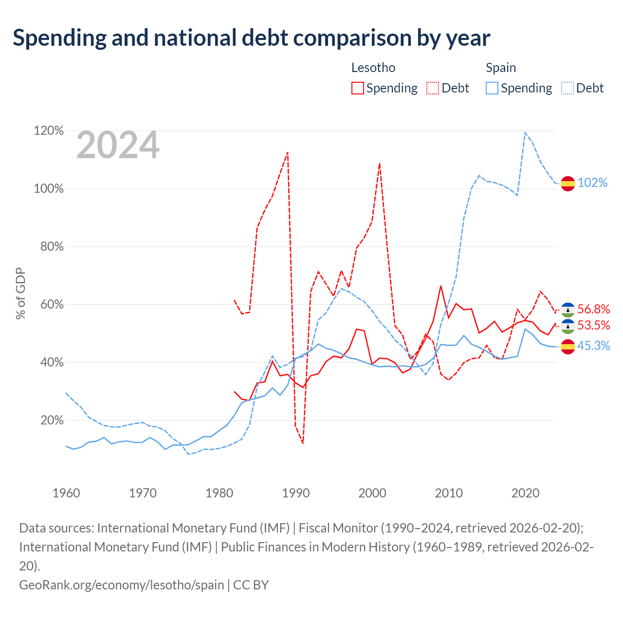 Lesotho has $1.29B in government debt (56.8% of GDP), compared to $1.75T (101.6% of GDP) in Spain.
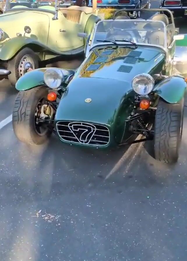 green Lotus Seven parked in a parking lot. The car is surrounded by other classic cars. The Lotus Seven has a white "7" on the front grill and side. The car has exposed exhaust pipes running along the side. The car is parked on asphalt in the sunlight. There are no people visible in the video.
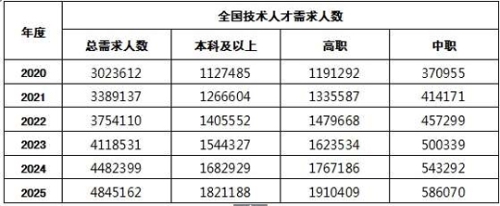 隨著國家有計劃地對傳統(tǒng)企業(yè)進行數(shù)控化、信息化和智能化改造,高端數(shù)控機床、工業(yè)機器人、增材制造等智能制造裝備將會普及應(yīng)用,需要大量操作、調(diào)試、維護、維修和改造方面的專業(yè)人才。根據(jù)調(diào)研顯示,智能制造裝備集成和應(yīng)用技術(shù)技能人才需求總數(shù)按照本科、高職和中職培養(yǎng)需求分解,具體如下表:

########

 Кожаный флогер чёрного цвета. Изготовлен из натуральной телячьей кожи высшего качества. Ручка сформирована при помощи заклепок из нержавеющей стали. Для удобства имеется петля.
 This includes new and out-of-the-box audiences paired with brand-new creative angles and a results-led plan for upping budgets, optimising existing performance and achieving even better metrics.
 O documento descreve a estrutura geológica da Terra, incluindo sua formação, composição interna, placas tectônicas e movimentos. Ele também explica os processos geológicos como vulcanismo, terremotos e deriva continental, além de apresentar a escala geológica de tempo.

########

PROBLEM - The exact lines of the material above starting at the one that contains "Кожаный флогер чёрного" and ending at the one that contains "O documento descreve" are what to retype; leave out everything else.

REPLY -
 Кожаный флогер чёрного цвета. Изготовлен из натуральной телячьей кожи высшего качества. Ручка сформирована при помощи заклепок из нержавеющей стали. Для удобства имеется петля.
 This includes new and out-of-the-box audiences paired with brand-new creative angles and a results-led plan for upping budgets, optimising existing performance and achieving even better metrics.
 O documento descreve a estrutura geológica da Terra, incluindo sua formação, composição interna, placas tectônicas e movimentos. Ele também explica os processos geológicos como vulcanismo, terremotos e deriva continental, além de apresentar a escala geológica de tempo.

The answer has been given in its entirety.